Berikut ini 11 poin dalam surat telegram yang dimaksud:
1. Media dilarang menyiarkan upaya/tindakan kepolisian yang menampilkan arogansi dan kekerasan. Kemudian diimbau untuk menayangkan kegiatan kepolisian yang tegas namun humanis;
2. Tidak menyajikan rekaman proses interogasi kepolisian dan penyidikan terhadap tersangka tindak pidana;
3. Tidak menayangkan secara terperinci rekonstruksi yang dilakukan oleh kepolisian;
4. Tidak memberitakan secara terperinci reka ulang kejahatan meskipun bersumber dari pejabat kepolisian yang berwenang dan/atau fakta pengadilan;
5. Tidak menayangkan reka ulang pemerkosaan dan/atau kejahatan seksual;
6. Menyamarkan gambar wajah dan indentitas korban kejahatan seksual dan keluarganya, serta orang yang diduga pelaku kejahatan seksual dan keluarganya;
7. Menyamarkan gambar wajah dan identitas pelaku, korban dan keluarga pelaku kejahatan yang pelaku maupun korbannya yaitu anak di bawah umur;
8. Tidak menayangkan secara eksplisit dan terperinci adegan dan/atau reka ulang bunuh diri serta menyampaikan identitas pelaku;
9. Tidak menayangkan adegan tawuran atau perkelahian secara detil dan berulang-ulang;
10. Dalam upaya penangkapan pelaku kejahatan agar tidak membawa media, tidak boleh disiarkan secara live, dokumentasi dilakukan oleh personel Polri yang berkompeten;
11. Tidak menampilkan gambaran secara eksplisit dan terperinci tentang cara membuat dan mengaktifkan bahan peledak.
Reaksi Dewan Pers
Ketua Komisi Pengaduan dan Penegakan Etika Pers Dewan Pers, Arif Zulkifli meminta Polri menjelaskan telegram Kapolri terkait kegiatan peliputan bermuatan kekerasan yang dilakukan polisi atau kejahatan dalam program siaran jurnalistik.
Menurut Arif, isi dari telegram tersebut masih belum jelas apakah ditujukan untuk media internal Polri atau media massa secara umum.
"Polri harus menjelaskan telegram tersebut apakah pelarangan tersebut berlaku untuk media umum atau media internal atau kehumasan di lingkungan kepolisian," ujar Arif kepada Kompas.com, Selasa (6/4/2021).
Arif tidak menginginkan ada kebingungan atau salah tafsir dalam mengimplementasikan TR Kapolri tersebut.
"Jangan sampai terjadi kebingungan dan perbedaan tafsir.

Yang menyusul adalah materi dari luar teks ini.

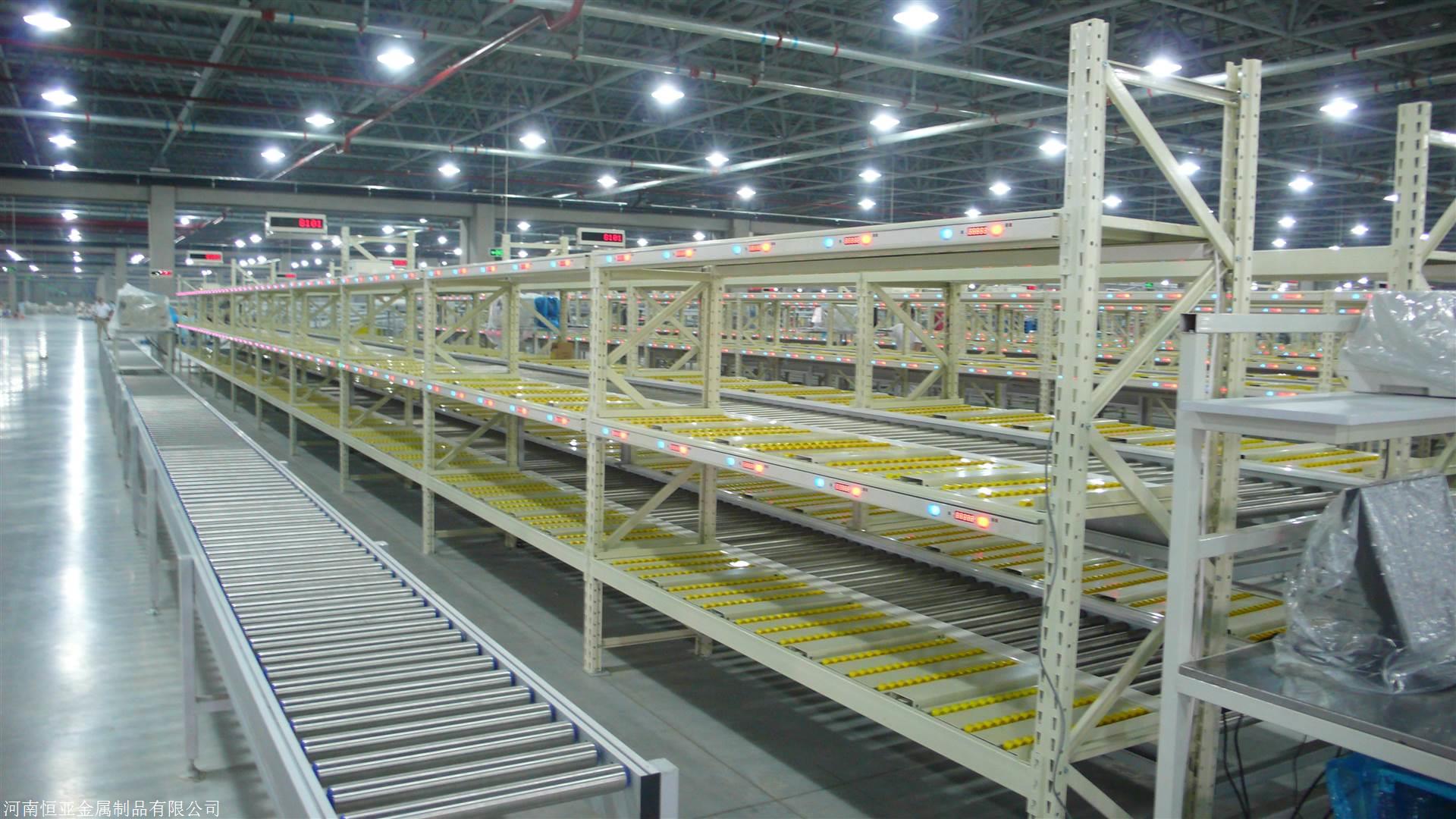 1、采用铝合金、钣金滚轮式流利条,利用货物自重实现先进先出。

Terutama jika kapolda di daerah menerapkannya sebagai pelarangan media umum," ucapnya.
Kapolri Jenderal Listyo Sigit Prabowo sebelumnya menerbitkan surat telegram yang mengatur soal pelaksanaan peliputan bermuatan kekerasan yang dilakukan polisi/dan atau kejahatan dalam program siaran jurnalistik.

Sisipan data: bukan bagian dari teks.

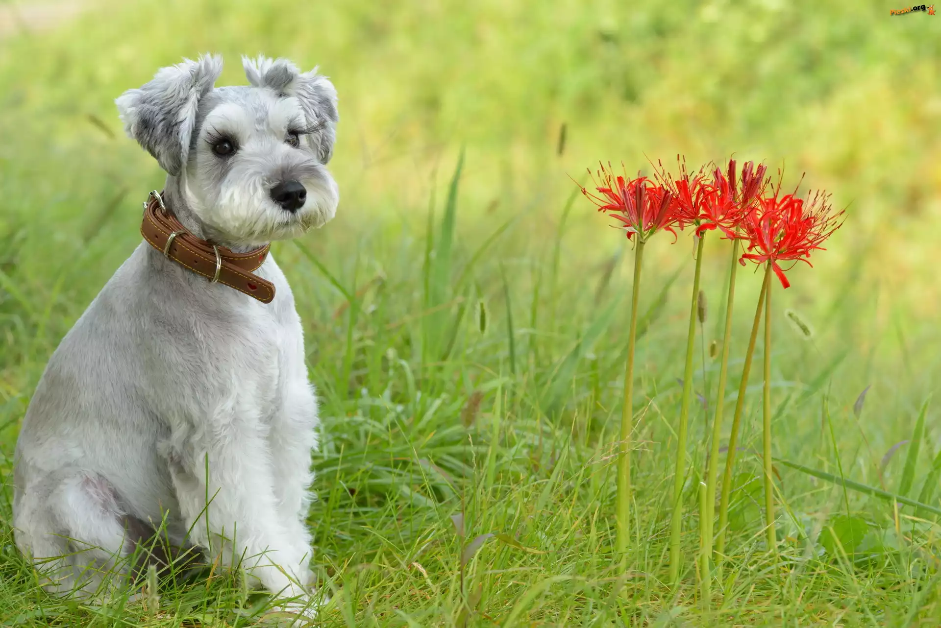 Piesek, Sznaucer, Trawa, Pieski

Telegram dengan nomor ST/750/IV/HUM.3.4.5./2021 itu diteken Listyo Sigit pada 5 April 2021, ditujukan kepada pengemban fungsi humas Polri di seluruh kewilayahan.
Peraturan itu dibuat berdasarkan Undang-Undang Nomor 14 Tahun 2008 tentang Keterbukaan Informasi Publik, Perkap Nomor 6 Tahun 2017 tentang Susunan Organisasi dan Tata Kerja Satuan Organisasi pada Tingkat Mabes Polri, dan Peraturan Komisi Penyiaran Indonesia Nomor 01/P/KPI/03/2012.